The spectacle of a tightrope walker apparently suspended in mid-air on a thread-like cable has mesmerised crowds for generations, from Charles Blondin's first crossing of the Niagara Gorge in 1859 to Philippe Petit's 1974 death-defying ‘coup’ traversing a 61 m-long cable, 400 m above the ground between the twin towers of the World Trade Center. Yet awe-inspiring aerial displays are routine for many tree-dwelling species. ‘The ease with which primates can walk and run over narrow and compliant branches has long fascinated both scientists and the public’, says Jesse Young from Northeast Ohio Medical University, USA, who has spent the last 5 years investigating how tree-dwelling species negotiate their complex surroundings. ‘We've amassed a large dataset on how primates adapt their walking and running patterns to cope with variation in perch diameter’, he says. Yet, little was known about how primates tackle the challenge of bounding along a springy tree limb. Intrigued by this knowledge gap, Young and Brad Chadwell decided to investigate how marmosets take pliable surfaces in their stride.

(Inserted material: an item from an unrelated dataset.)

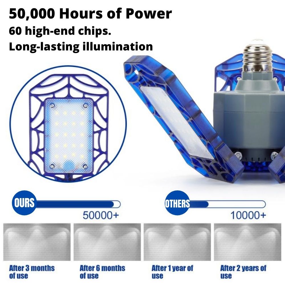 This bright LED garage light features three adjustable bulb heads that deliver 50,000 hours of brightness where you need it. Energy-saving, low consumption, and low-heat generating, the power of ultra-strong LED means less money out of your pocket for electricity.

‘Figuring out how to motivate the animals was the most difficult part’, says Young, recalling how he and Chadwell encouraged the marmosets to scamper atop tubes ranging in diameter from 1.25 to 5 cm with puffs of air aimed at the tail and tempting fruity yoghurts – ‘Which they would get all over their faces’, he chuckles. ‘They were also a little freaked out the first time we transitioned them from the stable to the compliant substrates’, adds Young, describing how he and Chadwell eventually hit on the idea of supporting the tubes with super-cushioning polyurethane foam to simulate the movement of a bouncing bough as a marmoset scurried along. Then, having fine-tuned the marmosets’ running track, the duo filmed the monkeys in 3D as they scampered from one end to the other.
Analysing the bucking motion of the tube and the details of the marmosets’ strides, Bethany Stricklen, Young and Chadwell realised that the animals’ hindfeet remained in contact with the pipe for longer when it flexed: ‘Increasing substrate contact time may improve stability on narrow and compliant supports by giving the monkeys more time to react to perturbations and use substrate reaction forces to redirect the centre of mass appropriately’, says Young. The team also noticed that the marmosets were able minimise the deflection of the springy trackway by lowering their bodies closer to the tubes and moving more slowly: ‘Even a moderate level of compliance exerts a significant influence on locomotor mechanics’, says Young. And when the team analysed how the marmosets adapted to the different diameter runways, it was evident that they stopped bounding and switched to a slower gait that allowed them to always keep at least one foot in contact with the narrower tubes.
Referring to the animal's natural tree-top homes, Young says, ‘Adjustments to gait mechanics, like those documented here, are undoubtedly one of the many “solutions” arboreal quadrupeds use to achieve locomotor stability in precarious locomotor environments’. He also adds, ‘These results clearly show that compliance is an important determinant of locomotor performance that shouldn't be ignored in future studies of arboreal animals’. And Young is eager to learn more about the movements of other primates that have better-developed grasps than those of the marmosets, while hoping eventually to transfer this study into the forest to learn how the natural variation in stiffness from sturdy boughs to bendy twigs affects the animals’ movements in their tree-top homes.